I woke up in bed alone w 2 bite marks on my boob... Salt and pepper shakers In my purse along w a bottle of steak sauce.... The drunkasauraus has struck again
alright. I just need to set some ground rules, no lighting me on fire, and no broken bones. fair?
If the Cards come back I will fly to St Louis and shit in a very public place.
I went home with a guy last night because he showed me some magic tricks and kept shouting "THEY'RE ILLUSIONS MICHAEL!"
Dave called me blind fucking drunk thinking he was going to die from drinking with drake bell(wtf?) saying "it's all that drake motherfucker's fault" and later proceeded to tell me "you are my twitter"

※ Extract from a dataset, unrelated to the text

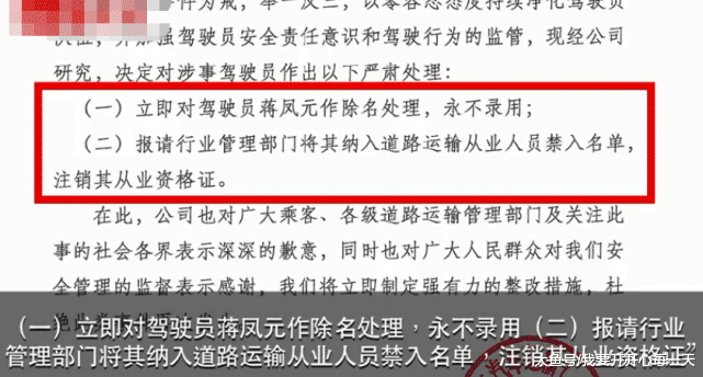 驾驶员蒋某发现之后要求货车驾驶员停车,但是货车驾驶员并没有减速停车,而大客车的驾驶员采取逼停的方式,让货车停下,随后成都市汽车运输公司对于蒋某进行了处理,而公司决定对蒋某作出除名,永不录用的决定。

We just don't discuss our relationships. It's pretty much like we're single no matter what to each other. And I'm okay with that. ¯\\(ツ)/¯
This is the third time this year I've whored myself for a Netflix login. If this guy changes his password, I'm gonna fucking give up.
Or maybe pay for Netflix?
I'm not that desperate yet.
my extended weekend of being as irresponsible as possible started with blowing the bartender in the bar bathroom. off to a good start.
Completely unrelated and mildly related, a guy I hooked up with last year in a threeway died, his obit photo was his Grindr photo
im mourning your vaginas lack of frictional upkeep
I Never thought my late 30s would end up with me getting eaten out on a desk in the managers office of a lululemon, but I guess being a franchise owner has its perks!